Should you wish to re-acquaint yourself with Blue Mars, or are curious as to what it was about (and providing you have a Windows PC), the Blue Mars client is still available for download (note the “Lite” version doesn’t work with the Blue Mars builds). All of the available places can be explored individually, or in the company of others. Some still have games and entertainments available; the original flying game is still there (and I enjoyed it somewhat more this time than when I first tried it), but sadly the old golfing game doesn’t seem to be around still – so I tried 10-pin bowling out of curiosity. This could do with some of the rooms being re-set to allow multi-player games, but it worked well enough solo.
Both the client and the available worlds demonstrate some of the reasons why Blue Mars perhaps didn’t take off. The client is a big piece of software requiring 1.2Gb of disk space; more to the point, it isn’t entirely intuitive. Also, as all places in Blue Mars were built to controlled standards, accessing them for the first time (or after one has been updated), requires a download, which can measure up to 300Mb in size, and which has to be unpacked and installed. While the software handles all of this, it is still as grating as it was when Blue Mars was in beta.

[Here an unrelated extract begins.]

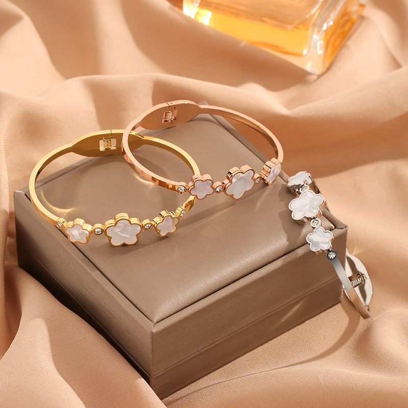 z275 three-petal five-leaf flower bracelet rose gold

I’m not sure how widely the Blue Mars environment is still used – the last updates appear to have been made in May 2014 and to the Roman Pantheon model, as mentioned above, and the client hasn’t been updated since 2013 (the website, still required for user registration, could also do with some TLC, frankly, even if the platform is only intended for use with IDIA projects). Nevertheless, for those wanting a trip down memory lane, Blue Mars offers an interesting diversion. For those who are especially curious (or having a very quiet day) the iOS app and the “Lite” versions can also be poked at (I didn’t bother with either as I don’t have an iOS device, and I seriously doubt anyone still uses the “Lite” version).
- Blue Mars website
- Ball State University’s IDIA Lab is granted rights to Blue Mars virtual world technology from Avatar Reality – IDIA Lab, Ball State University
- Virtual Middletown Living Museum in Blue Mars – IDIA Lab
4 thoughts on “Return to Blue Mars”
Is this still open ? I see their website still seeming to be working. Considering Sansar reminds me and others alot of Blue Mars…perhaps it will be revived ?
The last Blue Mars client update was a year ago this month. (0.99.0.86). Unfortunately, both it and the version I had been using in 2014, when this article was written, both fail at installation. Given IDIA Labs are active in Sansar, I’m in the process of contacting them about both Sansar and Blue Mars.